#### Requirement:
Reproduce the line with "圖 2 噴砂型沖蝕磨損機(jī)理:(a) 小角度沖蝕;(b) 大角度沖蝕" and everything after it in the listing below, exactly, both ends included. No pictures.

----- Data segment

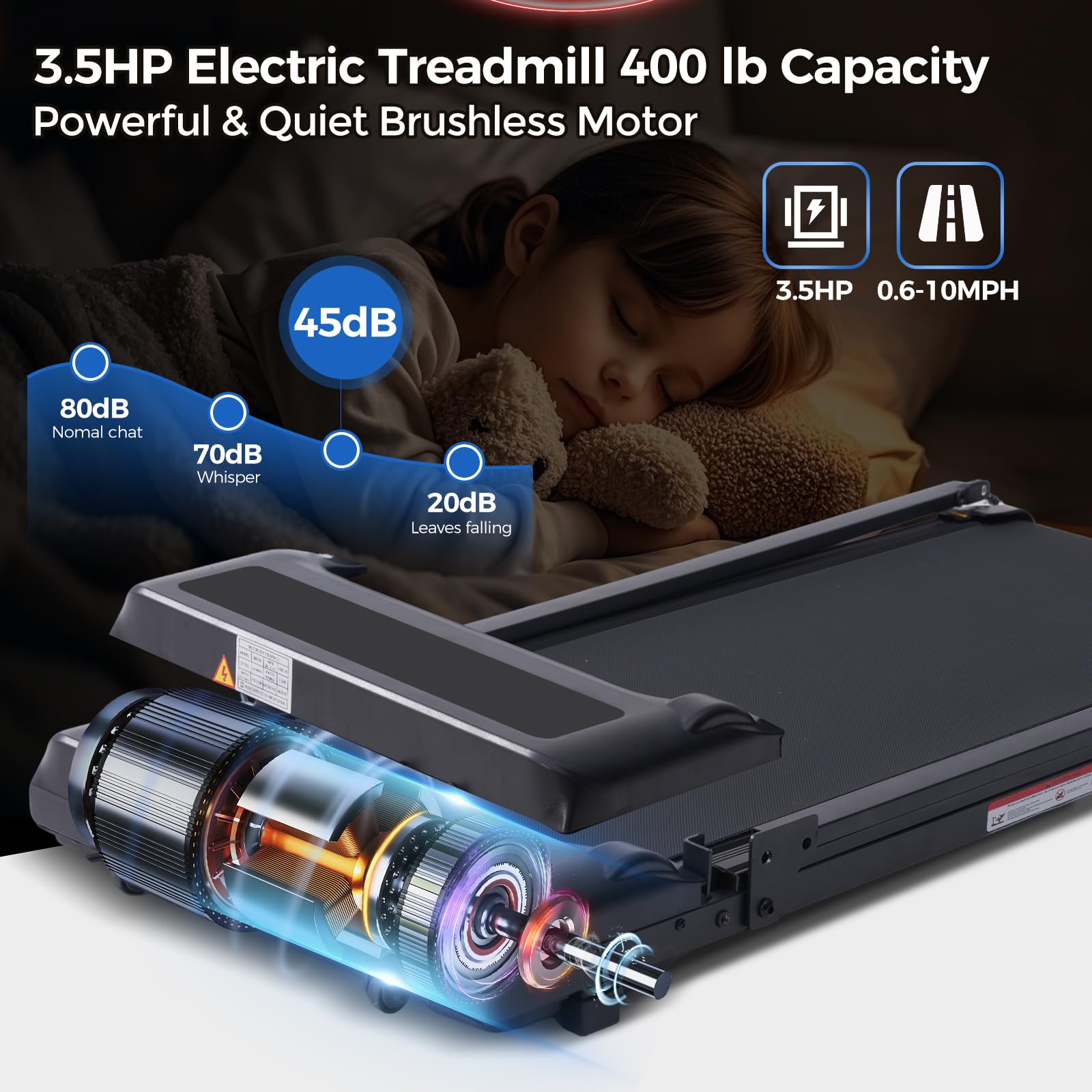 - 【Powerful 3.5HP Motor and High Weight Capacity】 Featuring a powerful 3.5HP brushless motor, this portable treadmill reaches speeds up to 10 mph while maintaining ultra-quiet performance under 45dB. Its 6-layer shock-absorbing belt protects joints and supports up to 400 lbs, making it ideal for those needing a compact treadmill for home use with high capacity
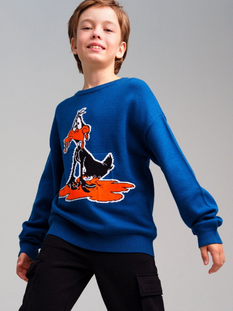Джемпер для мальчика подростка. Джемпер из вязаного трикотажа с высоким содержанием вискозы. Модель из капсульной коллекции DIGITAL TRANSFORM (ДИДЖИТАЛ ТРАНСФОРМ). Соберите полный образ в едином стиле!
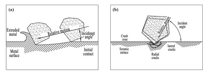 圖 2 噴砂型沖蝕磨損機(jī)理:(a) 小角度沖蝕;(b) 大角度沖蝕
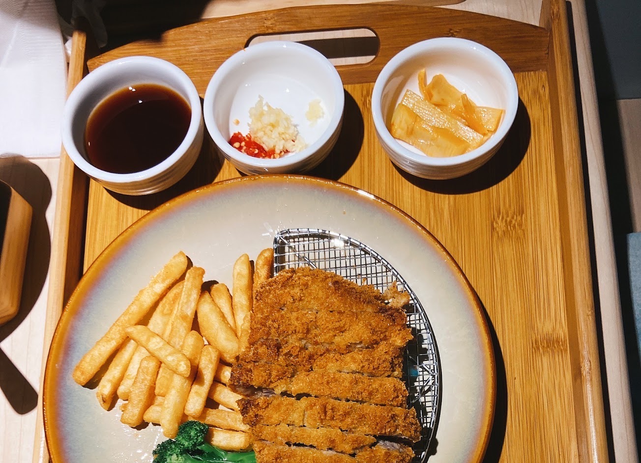 介紹人員不會介紹,說每個人低消220已經足了3個人低消220結果說還要再訂東西,我們說是不太多那麼多東西,然後他就說你小東西也可以,結果東西都來了說要每個人一份套餐,一開始就說每個人一份套餐就好了啊,害我們點了那麼多三人吃了1000多,樹太老,也是低消$250足了就好了,還有合作的停車場,飯又好吃菜湯飲料也是免費吃喝到飽,他們說的越光米好像一般的米,我們三人825以加10%吃的,很高興又不用停車費,吃的很滿足,又不會太貴,同樣是炸豬排店,東西又多又好吃,建議你們去樹太老吃,超好吃的?

----------

#### Solution:
 圖 2 噴砂型沖蝕磨損機(jī)理:(a) 小角度沖蝕;(b) 大角度沖蝕
 介紹人員不會介紹,說每個人低消220已經足了3個人低消220結果說還要再訂東西,我們說是不太多那麼多東西,然後他就說你小東西也可以,結果東西都來了說要每個人一份套餐,一開始就說每個人一份套餐就好了啊,害我們點了那麼多三人吃了1000多,樹太老,也是低消$250足了就好了,還有合作的停車場,飯又好吃菜湯飲料也是免費吃喝到飽,他們說的越光米好像一般的米,我們三人825以加10%吃的,很高興又不用停車費,吃的很滿足,又不會太貴,同樣是炸豬排店,東西又多又好吃,建議你們去樹太老吃,超好吃的?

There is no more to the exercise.